*** Begin section ***

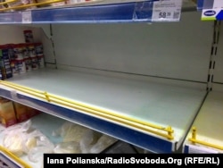 Охоронець супермаркету додав: таку паніку спостерігає вже кілька останніх днів. Каже, що чув від покупців: скоро «цукор та масло будуть по 20 гривень», от люди і запасаються.
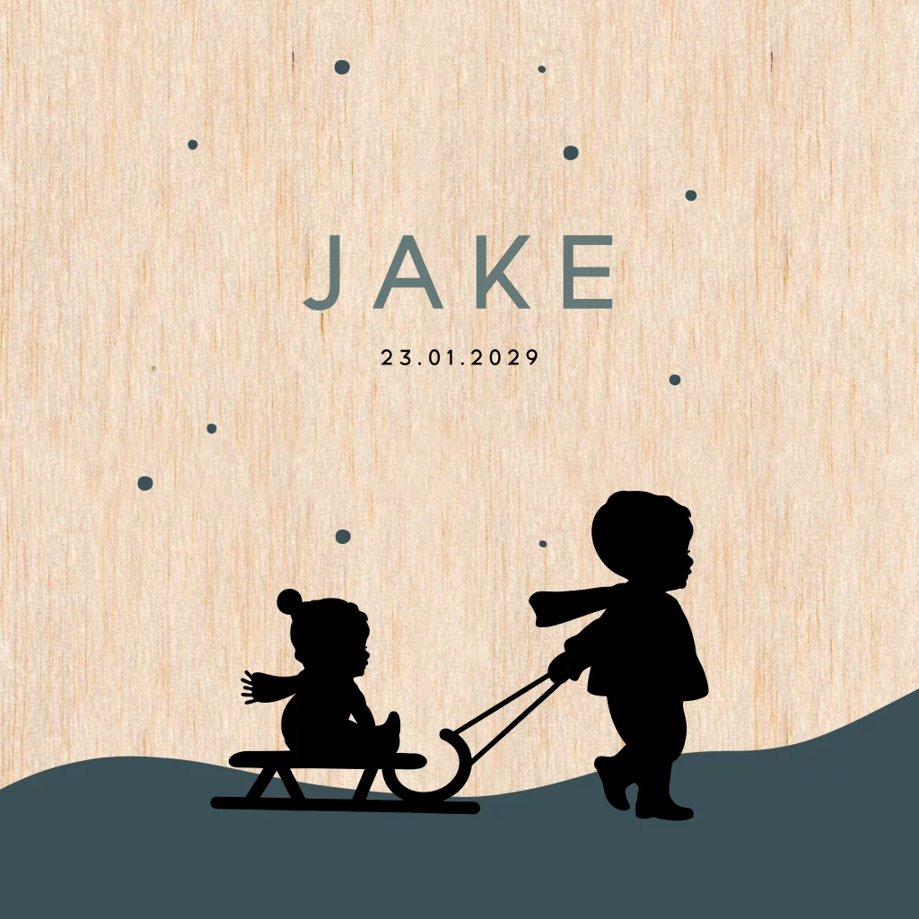 Stoer geboortekaartje van echt hout in een winter thema. Op het kaartje staat een silhouet illustratie van een grote broer die een broertje op een slee trekt. De kleine stipjes rondom maken het kaartje nog wat liever.
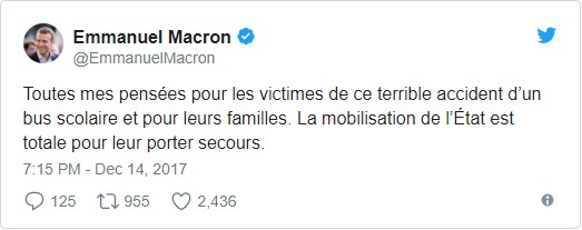 Ο πρωθυπουργός Edouard Philippe έφθασε λίγα λεπτά αργότερα στο σημείο της τραγωδίας ενώ σε μήνυμά του ο Emmanuel Macron τόνισε ότι: “Η σκέψη μου είναι στα θύματα αυτής της τραγωδίας και στις οικογένειες τους. Ο κρατικός μηχανισμός βρίσκεται σε ετοιμότητα για τη στήριξη τους”.
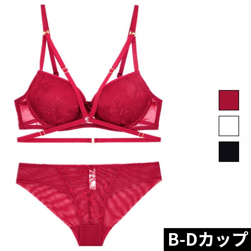 (B-Dカップ)女っぽさが漂う セクシー 刺繍 後ろホック ワイヤーなし ブラ&ショーツセット36524316
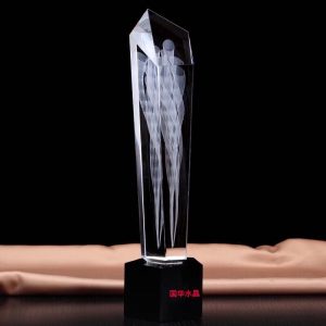 Glass trophy customization enterprise outstanding staff award partners souvenir gift Blue crystal trophy engraved
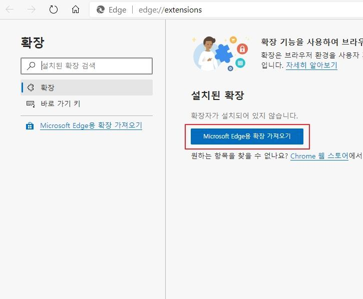 우측에 'Microsoft Edge용 확장 가져오기'를 클릭한다.
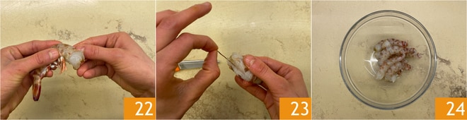 In der Zwischenzeit reinigen Sie die Garnelen: Entfernen Sie Kopf, Panzer 22 und Darm 23, dann sammeln Sie das Fleisch in einer Schüssel 24.
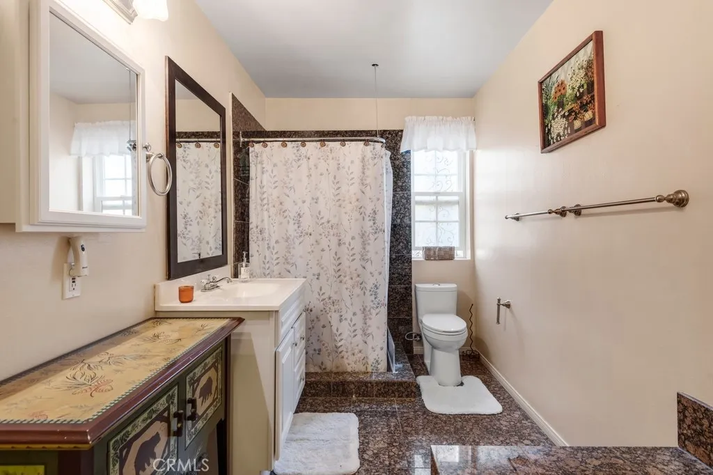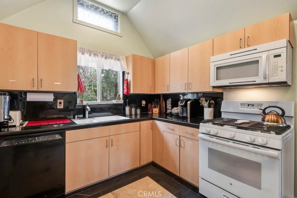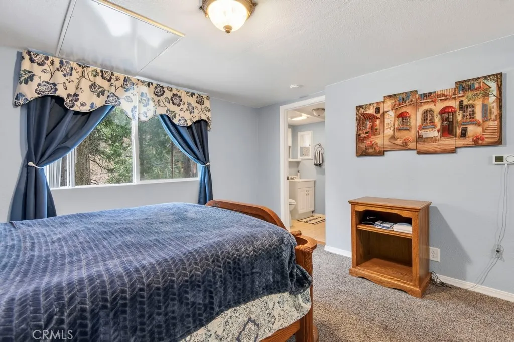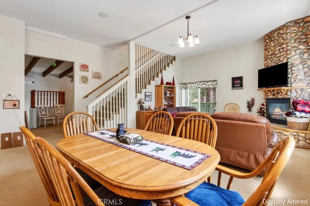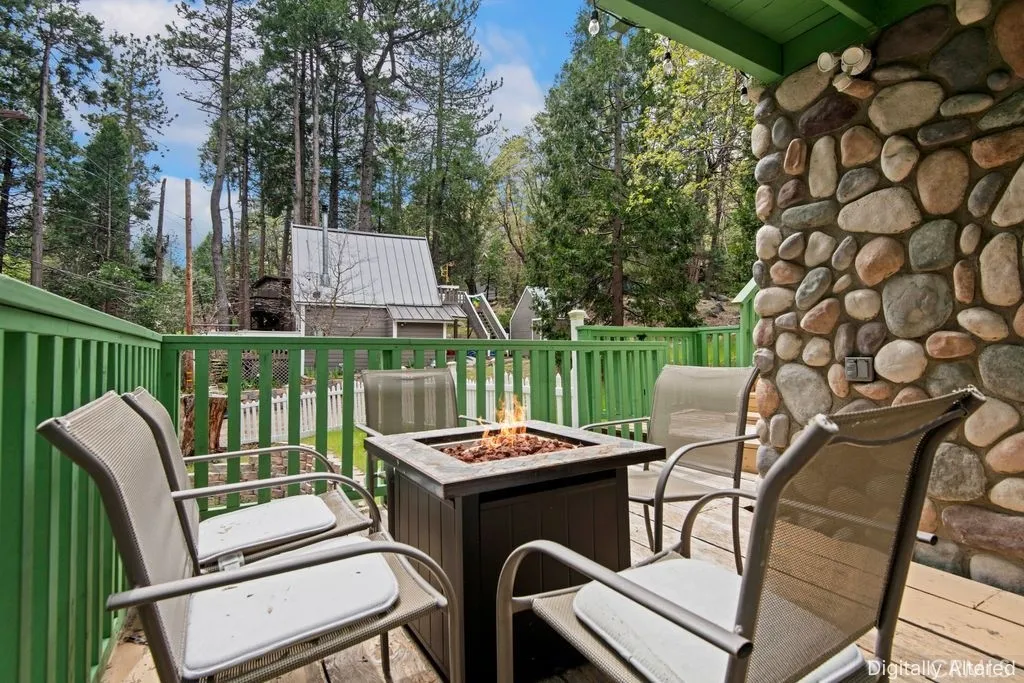 Welcome to this charming split-level mountain home, featuring an additional parcel of property which makes a sprawling over 9,000 sqft yard space. Showcasing a beautiful stone exterior, towering trees, and a spacious deck perfect for enjoying the fresh mountain air and serene surroundings. Set on a double lot in a quiet neighborhood, this property offers both privacy and space, with a seasonal stream running across the front and a gently sloping yard ideal for winter sledding. Inside, the open living and dining area is highlighted by vaulted ceilings and a stunning floor-to-ceiling stone fireplace, creating a warm and inviting atmosphere. The kitchen opens to a bonus area currently used as a game roomperfect for entertaining or additional living space. The home offers a total of five bedrooms and three bathrooms, including a downstairs primary suite with en-suite bathroom and a main-level bedroom for added flexibility. Upstairs, youll find three spacious bedrooms and a full bathroom featuring a jetted soaking tub. A cozy loft nook above the entry and abundant storage closets throughout add to the homes functionality. Enjoy the balcony off the living rooman ideal spot to take in the surrounding natural beauty. Conveniently located near California State Route 18, providing easy access down the mountain, and just minutes from Lake Arrowhead Village, SkyPark at Santa's Village, and Lake Gregory for year-round recreation, dining, and entertainment. Additional highlights include parking for six or more vehicles, making this home perfect for hosting family and friends and creating

*** End section ***

ABOUT THIS TASK: Within the entries above, give again exactly the lines starting at the one that contains "Stoer geboortekaartje van" and ending at the one that contains "In der Zwischenzeit", leaving out the pictures.

SOLUTION:
 Stoer geboortekaartje van echt hout in een winter thema. Op het kaartje staat een silhouet illustratie van een grote broer die een broertje op een slee trekt. De kleine stipjes rondom maken het kaartje nog wat liever.
 Ο πρωθυπουργός Edouard Philippe έφθασε λίγα λεπτά αργότερα στο σημείο της τραγωδίας ενώ σε μήνυμά του ο Emmanuel Macron τόνισε ότι: “Η σκέψη μου είναι στα θύματα αυτής της τραγωδίας και στις οικογένειες τους. Ο κρατικός μηχανισμός βρίσκεται σε ετοιμότητα για τη στήριξη τους”.
 (B-Dカップ)女っぽさが漂う セクシー 刺繍 後ろホック ワイヤーなし ブラ&ショーツセット36524316
 Glass trophy customization enterprise outstanding staff award partners souvenir gift Blue crystal trophy engraved
 우측에 'Microsoft Edge용 확장 가져오기'를 클릭한다.
 In der Zwischenzeit reinigen Sie die Garnelen: Entfernen Sie Kopf, Panzer 22 und Darm 23, dann sammeln Sie das Fleisch in einer Schüssel 24.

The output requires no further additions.